I wholly support the pension freedoms that the Government have introduced, but they are introducing them into a landscape where, for the past few decades, people were encouraged to believe that they did not really need to understand or engage with pensions, because all the decisions were taken for them. For most people, they were in a default fund on their savings journey and then, when they took the money later on, they were put into an annuity and that was it. They did not really need to understand what any options were because they did not really have many options. Unfortunately, people did not understand how annuities worked either. If we make this guidance a default or mandatory option then we make sure that we are protecting the public as well as giving them the freedoms. It is right that we give them the opportunity to make decisions that will suit them, but we have to make sure that we give them the opportunity of making properly informed decisions and as fair a chance as possible of making the freedoms work for them.
Providers too often want people to make a decision when they are too young, for example. It is not just in the freedoms landscape that people are taking their pensions early; the majority of people were buying annuities well before the age of 65 under the previous system, too. I hope that the Government will seriously consider that the 7% take-up rate for Pension Wise is woefully low—we need to find a way to increase that and we need to make sure that we protect the public and give them the fairest chance of making the freedoms work. Pension Wise or the new body could, for example, issue vouchers for everybody who is coming to the stage at which they might need to make a decision about their pension. They could be sent a voucher for a free guidance session. The financial guidance body, perhaps with the FCA and with providers, can work on ways of boosting take-up, but it is definitely something that would make the work that we are doing in this Committee so much more valuable around the country. I support this amendment.
My Lords, we support this amendment. We think that it is a good, strong, robust amendment. It takes us back to the introduction of pension freedoms which, I am afraid, were done rather precipitately and without the groundwork being properly laid. This was a point that my noble friend made at the time but it fell on stony ground.
I was going to ask what the take-up of regulated advice or guidance was at the moment but the noble Baroness has given us the 7% figure for Pension Wise.
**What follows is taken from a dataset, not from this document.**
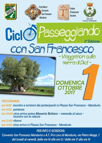 Manduria, in collaborazione con l’A.T. Pro Loco di Manduria, organizzano la terza edizione de “CICLOPASSEGGIANDO CON SAN FRANCESCO”, una giornata all’insegna della natura in occasione della festa del patrono d’Italia e dell’ecologia.

If one is heading for a much higher percentage, it raises the question of what the resource implications of that would be. I do not know if any groundwork has been done—it is not a reason for not doing it. These are important situations. My noble friend has prompted me about the idea of an MoT at the age of 50 as part of the process to get people to focus on their upcoming pensions. We are certainly happy to support this. I am interested to hear what the Minister has to say on what the problems with it might be. Whatever they are, I would hope that we could overcome them, because this could make a very significant difference to the pensions landscape.